Fine-tuning confirms the trend: Even when models are trained exclusively on modular or singular code (~5K problems, 61K examples), SC-trained models outperform MC-trained ones. DeepSeekCoder 6.7B achieves 8.73 vs. 6.06 pass@1 -- a 44% relative improvement for singular code.
Negative correlation with MoS: Statistical analysis on 100 CodeContests samples reveals a weak negative correlation between modularity score and code generation performance (Pearson: -0.34 to -0.21, both statistically significant), directly contradicting conventional wisdom.
Perplexity reveals LLM neutrality: All four models show nearly identical perplexity for modular and singular code (PPL ~1.9--2.4 for both). DeepSeekCoder 33B scores exactly 1.89 for both styles. Unlike humans, who strongly prefer modular structure for comprehension, LLMs are genuinely indifferent to code organization.
GPT-4o-mini is indifferent: The strongest model shows virtually identical performance across all four code types (14.07--15.35 pass@1), suggesting modularity has negligible impact for highly capable models that can handle either style with equal proficiency.
Why It Matters
This work overturns the prevailing assumption that "modular is always better" in LLM-based code generation, delivering critical insights for both researchers and practitioners:
Transformation artifacts, not modularity: The paper demonstrates that previously reported effectiveness of modularity was likely due to unforeseen side effects of the code transformation process (e.g., simplification, reformatting, variable renaming) rather than modularity itself. The TMC vs. TSC comparison -- the paper's most carefully controlled experiment -- shows negligible differences, providing a critical methodological warning for future research that conflates code transformation with code structure.
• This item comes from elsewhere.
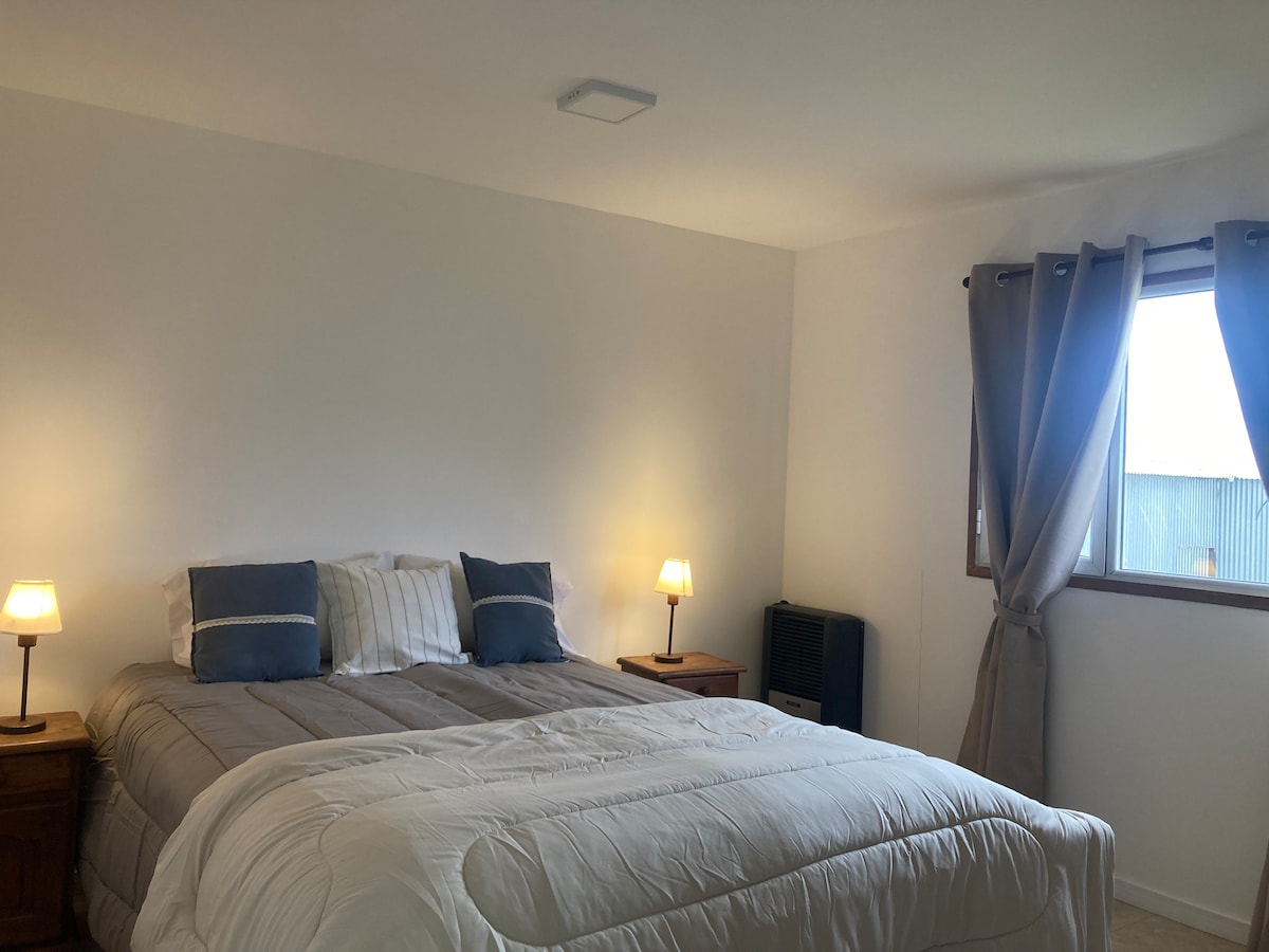 Beautiful detached cabin, 28 m2, new construction, located on the main avenue of Puerto Natales. We offer a space with lots of natural light, ventilation, and a large garden. You'll always see two lovely little dogs in the garden. The house has a double bed plus a 1/2 square sofa, refrigerator, full kitchen, shower towels, bed linens, shampoo and heating. We offer private tours and trout and salmon fly fishing. @intothewildpatagonia @cabanabulnes
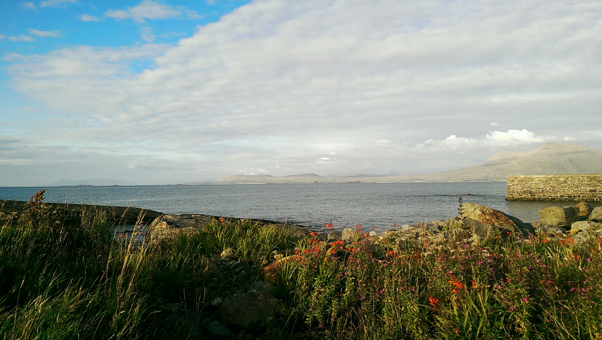Sono seduta sugli scogli di questa spiaggia. Oggi ci sono venuta già due volte. Verso ora di pranzo la marea era bassa e le nuvole alte. Un collina con alcuni vitelli al pascolo prende la salita proprio sul mare e ha rappresentato un luogo perfetto per la lettura. Un gruppo di ragazze dal maneggio situato vicino al B&B sono arrivate dopo un’oretta in passeggiata con i pony lungo la riva del mare. La pioggia poi le ha fatte tornare indietro.

LLMs are not humans: Perplexity analysis reveals that LLMs exhibit nearly identical predictive ability for both modular and singular code (PPL differences within 0.2 across all models), unlike humans who benefit greatly from modular structure for comprehension and maintenance. This reveals a fundamental cognitive gap: factors influencing the usefulness of code examples differ between human and LLM perspectives, and we should not uncritically transfer human software engineering heuristics to AI systems.
Practical guidance: Practitioners need not invest extra effort in modularizing code demonstrations for LLM-based code generation. The findings suggest that code quality, correctness, and the transformation process's reformatting effects matter more than structural style when constructing few-shot examples or fine-tuning datasets.
Methodological template: The MoS metric and four-category experimental design provide a reusable template for future studies investigating other code properties (e.g., commenting style, naming conventions, design patterns) and their effect on LLM performance. The approach of isolating confounds through transformation-then-reversal is broadly applicable.